He might not be the biggest — or even the tallest — of strikers, but you’d struggle to find a goalscorer in the Ghana Premier League more endowed with the gifts of instinct and precision than Karela United’s Diawisie Taylor.
Taylor has taken the league by storm with a string of strong performances this season, spearheading the Aiyinase-based club’s attack and its charge to the top of the table, while showing levels of maturity unusual of one so young.
The 21-year-old has been in imperious form, finding the back of the net with stunning regularity — topscorer, in fact, on 12 goals — and has been at the heart of almost every Karela move.

Taylor’s endeavor, pace and intelligent movement, both behind the defence and in front of it, has caught the eye, but the prominence he now enjoys is no sudden development.
Born and raised in Berekum, Taylor hails from a region — Brong Ahafo, as it was known until a few years ago — reputed for its footballing excellence. He started out at Berekum Arsenal, a former top-flight side that now competes in the second tier, as a 15-year-old.

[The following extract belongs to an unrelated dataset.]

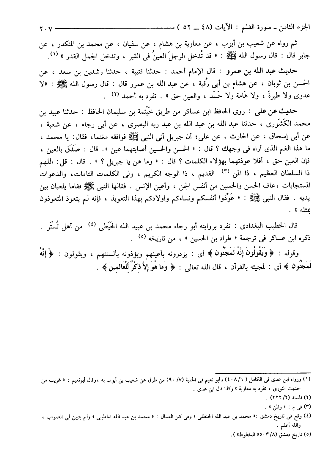 (4) وقع في تاريخ دمشق: "محمد بن عبد الله الحنظلى" وفي كنز العمال: "محمد بن عبد الله الخطيبى" ولم يتبين لى الصواب، والله أعلم.

A spell with Bibiani Gold Stars followed, before Taylor’s precocity — evident in 16 goals in his first season, and an even more impressive 24 in the next — saw Karela beat intense competition for his signature.

It did so at a cost of GHS 30,000, but that fee no longer feels so huge, as Taylor wasted little time in proving equal to — and even greater than — that price tag. We saw some of that vast potential in 2019, during the Normalization Committee’s Special Competition, but he has taken it up a notch this term.

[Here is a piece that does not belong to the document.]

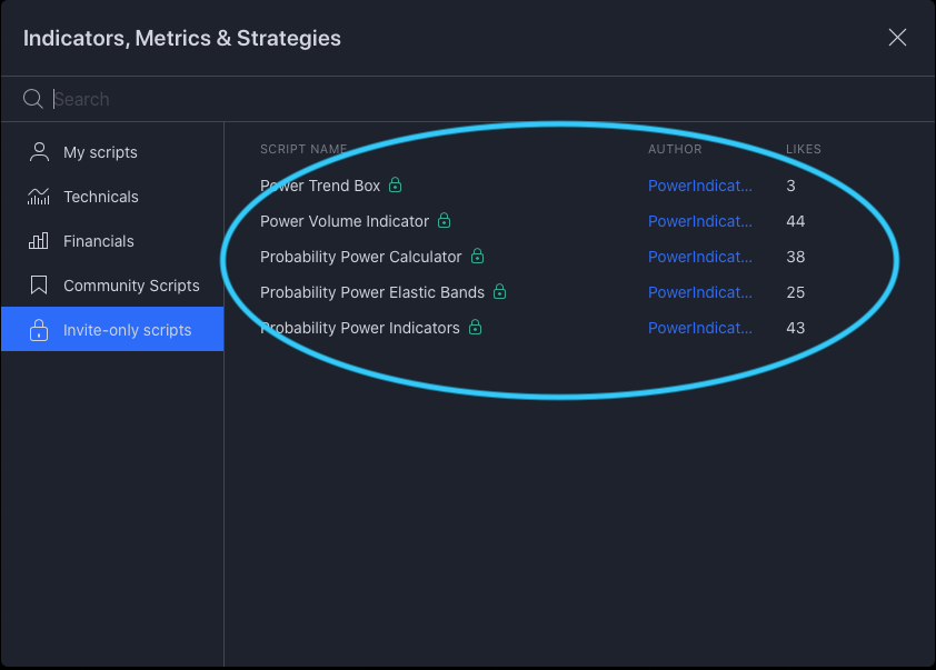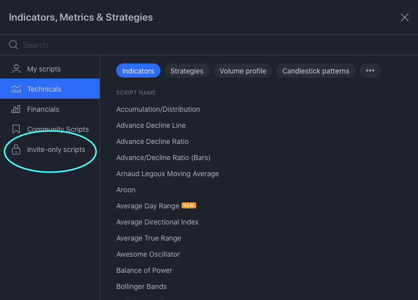 Selecting the invite-only pane in the indicator selection dialog to access the scripts

Adept at finding spaces between the lines when looking to receive the ball, Taylor displays great judgment in determining the mode of distribution after collecting it: short passes to maintain possession, or longer balls to set his side up for a quick counter-attack.
Taylor, as pointed out at the outset, is not built like the archetypal centre-forward, yet he is strong enough to take on anyone who challenges him. His versatility — especially those neat dribbling skills that make him such a useful winger, when head coach Evans Adotey deploys him in that role — comes in handy, too.

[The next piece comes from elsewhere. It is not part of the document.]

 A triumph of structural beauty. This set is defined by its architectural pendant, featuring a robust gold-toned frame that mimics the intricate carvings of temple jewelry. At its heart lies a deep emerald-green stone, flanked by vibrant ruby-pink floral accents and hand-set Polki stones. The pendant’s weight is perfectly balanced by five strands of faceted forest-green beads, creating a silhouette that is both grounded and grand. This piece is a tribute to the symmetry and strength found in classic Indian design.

There are days when Taylor can be a tad anonymous, yes, but even on such occasions, one of his characteristic instinctive late runs could change a game’s texture in a heartbeat: see, as a case in point, his brace against Aduana Stars on the most recent matchday — an unlikely, yet emphatic, exclamation mark in a thoroughly unremarkable performance.
Emmanuel Cobbina, a football scout who has followed Taylor’s rise, believes the best is yet to come.
“It’s hard to tell just what Taylor’s limits are,” he told Ink & Kicks.
“I think he can still improve, and he knows it. As I remind him from time to time, it’s not done yet.

“He is a clever player who tries to do better and has, indeed, done better. Taylor runs on an exceptional engine; his movement is great, and he is brave while remaining very humble.”
Those attributes would certainly serve him well, going forward, and Taylor could become an even stronger force of nature when he achieves stable equilibrium.
And that — given what has already been seen of Taylor, the reason for which he is currently in the Black Stars camp ahead of the upcoming Africa Cup of Nations qualifiers — seems as sure as the sun rising in the morning.